Bus users young and old, frustrated by poor service, are calling for fundamental change to how the region’s buses are run.
A small group gathered outside the offices of the West of England Combined Authority (WECA) on Redcliffe street in a protest organised by the Ditch First Bus campaign and joined by members of WESTACT and XR Youth.
Dan Farr, the founder of Ditch First Bus and self-described ‘long-suffering bus user,’ said there is a ‘crisis with the buses.’
‘I just think we can’t go on because it’s just such a chaotic situation.’ said Dan, citing late and cancelled buses and service cuts as key issues with FirstBus.
Dan has relied on the buses since he was at school and still uses public transport to get to work every day from his home in Stoke Gifford.
He said he was ‘one of the fortunate ones’ to have two bus routes, the M1 and T1, which are well-funded, although they are often overcrowded, he added.
For months, social media has been awash with tales of buses running late, arriving overcrowded, or being cancelled altogether.
The Ditch First Bus protest, on February 15, comes as Bristol and the West of England’s buses are fast becoming a top political issue.
Nearly 1500 services have been cut by FirstBus in recent months, and more cuts are to come. Those who rely on public transport have expressed fears of parts of the city becoming “bus deserts”.
The leading solution being proposed by politicians and campaigners is franchising, whereby WECA would contract several private bus companies to run services. Franchising is used in London and Greater Manchester.
In December 2022, Bristol City Council passed a motion supporting bus franchising for the region and calling on metro mayor Dan Norris to explore the option.

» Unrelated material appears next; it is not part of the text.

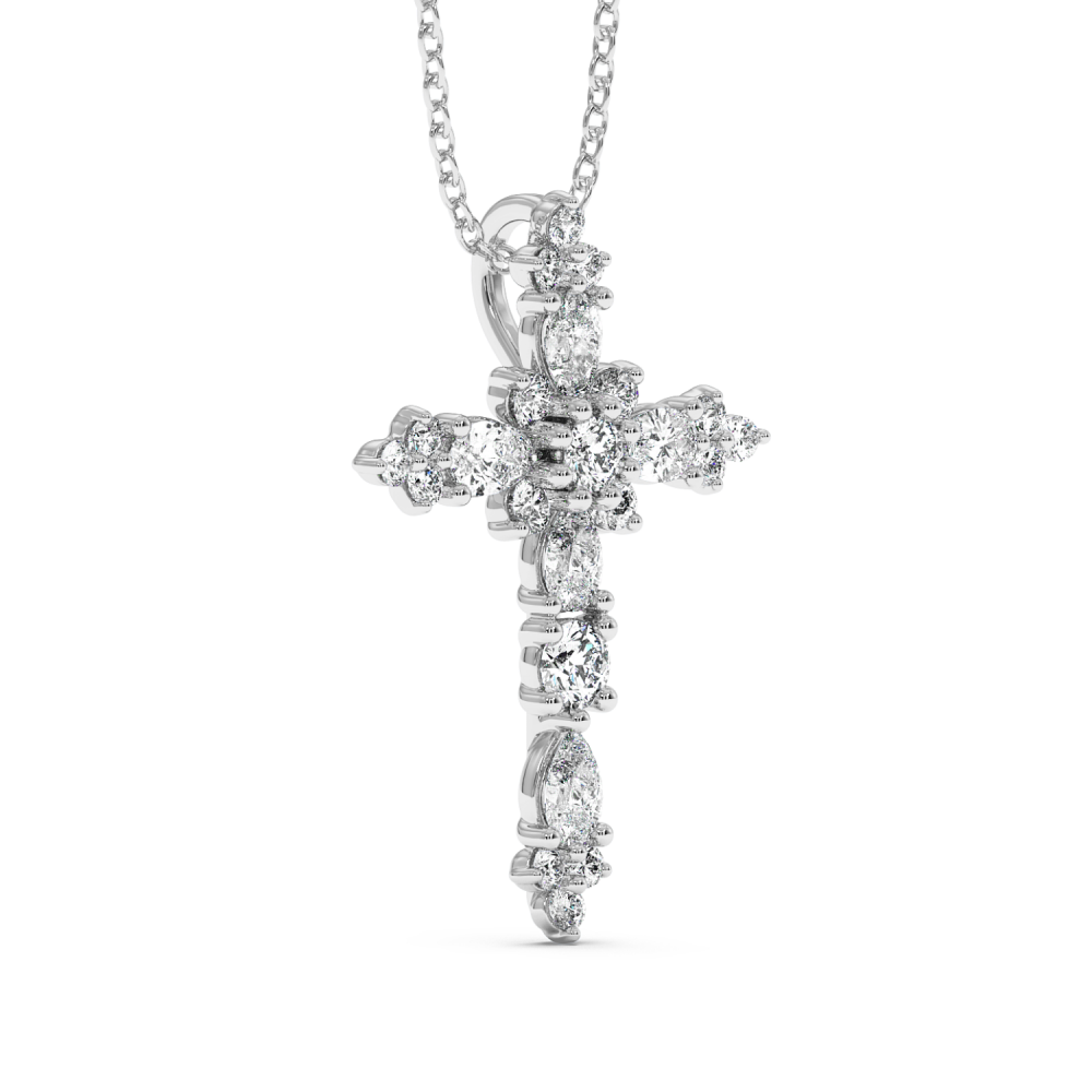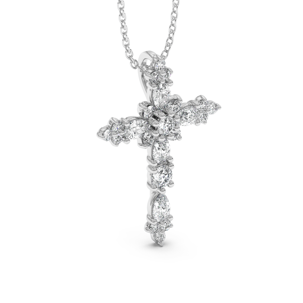 14K gold cross pendant with round diamonds of 0.43ct and Pear Cut diamonds of 0.50ct. Weight is approximately 1.80 grams. The pendant can also be made to order in 18K yellow or rose gold. We can modify the design according to your budget. We can choose the characteristics of the diamonds...

Norris has said he will do so but not before reviewing data from Greater Manchester, which will not be published until 2026.
And it is not just in Bristol that people are taking action against poor public transport. Protesters in Sheffield recently demonstrated outside the offices of their regional authority demanding a franchising system.
XR Youth have protested FirstBus recently for their own reasons. The group wants public transport to be made free for under-25s and recently made this point by spray-painting bus shelters in central Bristol.
They have also protested cuts to services, most recently blockading an Airport Flyer bus. The Flyer has recently seen an increase in services even as less well-used services are cut, a disparity XR Youth say is unfair.